With the records below as your source, retype each line exactly from the top down to the line that contains "2013年12月30日下午4", and include that line.

Stored data entries:
********
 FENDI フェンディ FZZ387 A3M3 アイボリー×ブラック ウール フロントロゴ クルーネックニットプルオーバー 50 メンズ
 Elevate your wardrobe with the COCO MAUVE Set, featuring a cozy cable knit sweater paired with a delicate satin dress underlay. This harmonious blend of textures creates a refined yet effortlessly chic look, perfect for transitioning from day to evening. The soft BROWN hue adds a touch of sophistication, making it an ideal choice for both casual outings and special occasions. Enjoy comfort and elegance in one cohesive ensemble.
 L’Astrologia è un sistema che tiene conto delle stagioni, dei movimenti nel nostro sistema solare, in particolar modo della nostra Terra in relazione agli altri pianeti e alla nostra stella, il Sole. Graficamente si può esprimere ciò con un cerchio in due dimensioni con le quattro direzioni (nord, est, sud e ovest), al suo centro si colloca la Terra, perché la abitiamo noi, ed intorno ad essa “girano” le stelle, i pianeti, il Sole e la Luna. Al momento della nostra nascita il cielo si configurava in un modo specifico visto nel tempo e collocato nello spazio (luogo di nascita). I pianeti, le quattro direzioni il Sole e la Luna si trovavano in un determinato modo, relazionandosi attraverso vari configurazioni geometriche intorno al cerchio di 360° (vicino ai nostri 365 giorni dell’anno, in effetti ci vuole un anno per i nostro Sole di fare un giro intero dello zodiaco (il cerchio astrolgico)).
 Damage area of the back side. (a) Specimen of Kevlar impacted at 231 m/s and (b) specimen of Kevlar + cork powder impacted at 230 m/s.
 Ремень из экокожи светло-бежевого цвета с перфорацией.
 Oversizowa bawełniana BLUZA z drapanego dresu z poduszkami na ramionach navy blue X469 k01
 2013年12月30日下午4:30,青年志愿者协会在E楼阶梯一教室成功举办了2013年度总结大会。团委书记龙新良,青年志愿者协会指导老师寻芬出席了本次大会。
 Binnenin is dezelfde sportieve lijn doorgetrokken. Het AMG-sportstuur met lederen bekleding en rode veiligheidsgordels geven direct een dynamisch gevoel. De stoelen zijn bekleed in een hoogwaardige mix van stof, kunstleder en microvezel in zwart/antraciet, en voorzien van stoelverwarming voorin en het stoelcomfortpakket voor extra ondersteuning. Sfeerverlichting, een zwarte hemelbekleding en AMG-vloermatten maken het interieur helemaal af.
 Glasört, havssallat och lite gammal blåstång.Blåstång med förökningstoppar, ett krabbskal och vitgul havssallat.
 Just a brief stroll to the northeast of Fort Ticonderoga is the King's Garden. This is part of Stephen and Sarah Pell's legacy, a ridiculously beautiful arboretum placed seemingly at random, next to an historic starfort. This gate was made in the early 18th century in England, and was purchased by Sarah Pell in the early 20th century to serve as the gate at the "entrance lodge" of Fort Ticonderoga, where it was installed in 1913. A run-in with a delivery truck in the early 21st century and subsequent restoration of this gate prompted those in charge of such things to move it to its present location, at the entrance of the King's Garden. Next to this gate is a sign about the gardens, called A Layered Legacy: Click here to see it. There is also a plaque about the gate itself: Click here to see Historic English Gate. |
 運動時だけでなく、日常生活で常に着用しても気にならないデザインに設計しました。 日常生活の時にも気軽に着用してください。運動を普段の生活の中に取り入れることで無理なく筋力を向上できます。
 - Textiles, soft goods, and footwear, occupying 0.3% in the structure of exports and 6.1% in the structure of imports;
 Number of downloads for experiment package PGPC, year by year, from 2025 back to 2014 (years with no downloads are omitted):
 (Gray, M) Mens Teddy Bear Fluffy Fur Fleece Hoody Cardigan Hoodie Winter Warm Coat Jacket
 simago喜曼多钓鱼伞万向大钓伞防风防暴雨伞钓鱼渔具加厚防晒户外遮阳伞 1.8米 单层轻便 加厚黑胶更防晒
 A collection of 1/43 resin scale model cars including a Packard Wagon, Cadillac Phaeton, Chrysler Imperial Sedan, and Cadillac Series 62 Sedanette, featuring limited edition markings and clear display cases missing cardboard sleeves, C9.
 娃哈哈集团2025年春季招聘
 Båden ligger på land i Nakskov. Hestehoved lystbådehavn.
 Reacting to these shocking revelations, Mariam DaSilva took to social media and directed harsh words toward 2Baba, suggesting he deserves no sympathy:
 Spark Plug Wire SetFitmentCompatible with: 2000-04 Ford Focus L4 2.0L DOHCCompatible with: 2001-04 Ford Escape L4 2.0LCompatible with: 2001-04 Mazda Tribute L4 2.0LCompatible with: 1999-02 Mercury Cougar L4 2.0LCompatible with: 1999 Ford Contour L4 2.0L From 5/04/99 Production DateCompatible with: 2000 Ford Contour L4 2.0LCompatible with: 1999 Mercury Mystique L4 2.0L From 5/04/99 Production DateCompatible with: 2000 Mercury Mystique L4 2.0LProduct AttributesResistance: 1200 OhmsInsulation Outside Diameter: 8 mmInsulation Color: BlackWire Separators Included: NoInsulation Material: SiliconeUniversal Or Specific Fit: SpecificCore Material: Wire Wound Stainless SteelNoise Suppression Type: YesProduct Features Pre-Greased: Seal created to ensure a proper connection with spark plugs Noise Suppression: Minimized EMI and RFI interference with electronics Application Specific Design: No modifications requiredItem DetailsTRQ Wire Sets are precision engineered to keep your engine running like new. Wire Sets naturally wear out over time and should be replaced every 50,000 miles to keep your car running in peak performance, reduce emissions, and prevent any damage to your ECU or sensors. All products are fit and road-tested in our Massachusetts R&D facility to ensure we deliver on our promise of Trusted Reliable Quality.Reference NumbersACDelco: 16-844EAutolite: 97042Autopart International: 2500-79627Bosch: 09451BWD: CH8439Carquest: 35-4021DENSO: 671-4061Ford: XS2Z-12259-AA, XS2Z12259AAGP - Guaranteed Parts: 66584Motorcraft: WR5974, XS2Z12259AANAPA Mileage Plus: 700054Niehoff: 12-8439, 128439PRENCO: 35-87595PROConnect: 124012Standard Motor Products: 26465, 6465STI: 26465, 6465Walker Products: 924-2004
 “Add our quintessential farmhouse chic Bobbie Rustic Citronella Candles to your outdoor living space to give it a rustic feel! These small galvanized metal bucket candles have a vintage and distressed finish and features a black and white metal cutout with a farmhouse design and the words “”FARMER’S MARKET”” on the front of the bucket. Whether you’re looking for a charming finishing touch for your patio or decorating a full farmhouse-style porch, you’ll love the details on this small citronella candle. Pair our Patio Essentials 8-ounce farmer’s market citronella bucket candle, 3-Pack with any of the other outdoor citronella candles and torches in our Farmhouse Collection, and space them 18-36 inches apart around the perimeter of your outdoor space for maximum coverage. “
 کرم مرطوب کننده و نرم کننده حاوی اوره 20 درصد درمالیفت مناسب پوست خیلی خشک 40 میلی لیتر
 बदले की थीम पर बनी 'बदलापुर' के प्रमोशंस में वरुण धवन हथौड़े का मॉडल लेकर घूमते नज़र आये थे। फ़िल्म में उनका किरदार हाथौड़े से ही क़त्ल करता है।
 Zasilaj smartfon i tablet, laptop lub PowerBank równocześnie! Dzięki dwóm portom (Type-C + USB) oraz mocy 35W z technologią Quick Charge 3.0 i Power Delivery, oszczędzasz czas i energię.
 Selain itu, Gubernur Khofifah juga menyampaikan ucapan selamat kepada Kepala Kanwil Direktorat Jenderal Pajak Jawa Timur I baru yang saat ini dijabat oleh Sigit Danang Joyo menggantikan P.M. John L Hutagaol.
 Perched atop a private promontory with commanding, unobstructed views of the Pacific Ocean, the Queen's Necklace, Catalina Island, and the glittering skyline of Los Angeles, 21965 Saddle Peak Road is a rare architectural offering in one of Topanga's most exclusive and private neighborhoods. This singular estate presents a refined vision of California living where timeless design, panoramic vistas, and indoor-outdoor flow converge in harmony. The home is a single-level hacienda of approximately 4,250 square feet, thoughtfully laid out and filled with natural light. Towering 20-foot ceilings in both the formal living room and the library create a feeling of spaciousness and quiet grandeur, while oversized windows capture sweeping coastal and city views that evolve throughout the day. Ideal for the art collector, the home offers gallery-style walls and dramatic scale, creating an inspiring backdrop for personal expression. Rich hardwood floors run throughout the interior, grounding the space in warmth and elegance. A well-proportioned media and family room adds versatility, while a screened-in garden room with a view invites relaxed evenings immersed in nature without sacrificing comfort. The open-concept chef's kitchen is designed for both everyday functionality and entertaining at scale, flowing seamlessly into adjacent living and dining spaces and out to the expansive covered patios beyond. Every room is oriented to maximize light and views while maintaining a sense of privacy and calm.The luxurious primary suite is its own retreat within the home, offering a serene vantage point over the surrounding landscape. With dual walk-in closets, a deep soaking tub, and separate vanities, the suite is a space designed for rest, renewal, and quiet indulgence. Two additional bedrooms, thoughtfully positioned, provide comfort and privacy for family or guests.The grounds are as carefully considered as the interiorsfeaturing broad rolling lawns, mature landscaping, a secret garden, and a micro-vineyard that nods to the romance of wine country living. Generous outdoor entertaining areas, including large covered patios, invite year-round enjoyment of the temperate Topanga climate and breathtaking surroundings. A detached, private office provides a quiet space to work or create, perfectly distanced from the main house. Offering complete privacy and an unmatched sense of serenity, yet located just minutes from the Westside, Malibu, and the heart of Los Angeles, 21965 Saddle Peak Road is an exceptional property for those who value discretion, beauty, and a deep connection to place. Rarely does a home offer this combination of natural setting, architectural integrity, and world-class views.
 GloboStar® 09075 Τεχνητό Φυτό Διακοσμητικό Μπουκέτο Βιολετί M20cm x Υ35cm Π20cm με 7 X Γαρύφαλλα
********
◆ SOLUTION FOR THIS EXERCISE
 FENDI フェンディ FZZ387 A3M3 アイボリー×ブラック ウール フロントロゴ クルーネックニットプルオーバー 50 メンズ
 Elevate your wardrobe with the COCO MAUVE Set, featuring a cozy cable knit sweater paired with a delicate satin dress underlay. This harmonious blend of textures creates a refined yet effortlessly chic look, perfect for transitioning from day to evening. The soft BROWN hue adds a touch of sophistication, making it an ideal choice for both casual outings and special occasions. Enjoy comfort and elegance in one cohesive ensemble.
 L’Astrologia è un sistema che tiene conto delle stagioni, dei movimenti nel nostro sistema solare, in particolar modo della nostra Terra in relazione agli altri pianeti e alla nostra stella, il Sole. Graficamente si può esprimere ciò con un cerchio in due dimensioni con le quattro direzioni (nord, est, sud e ovest), al suo centro si colloca la Terra, perché la abitiamo noi, ed intorno ad essa “girano” le stelle, i pianeti, il Sole e la Luna. Al momento della nostra nascita il cielo si configurava in un modo specifico visto nel tempo e collocato nello spazio (luogo di nascita). I pianeti, le quattro direzioni il Sole e la Luna si trovavano in un determinato modo, relazionandosi attraverso vari configurazioni geometriche intorno al cerchio di 360° (vicino ai nostri 365 giorni dell’anno, in effetti ci vuole un anno per i nostro Sole di fare un giro intero dello zodiaco (il cerchio astrolgico)).
 Damage area of the back side. (a) Specimen of Kevlar impacted at 231 m/s and (b) specimen of Kevlar + cork powder impacted at 230 m/s.
 Ремень из экокожи светло-бежевого цвета с перфорацией.
 Oversizowa bawełniana BLUZA z drapanego dresu z poduszkami na ramionach navy blue X469 k01
 2013年12月30日下午4:30,青年志愿者协会在E楼阶梯一教室成功举办了2013年度总结大会。团委书记龙新良,青年志愿者协会指导老师寻芬出席了本次大会。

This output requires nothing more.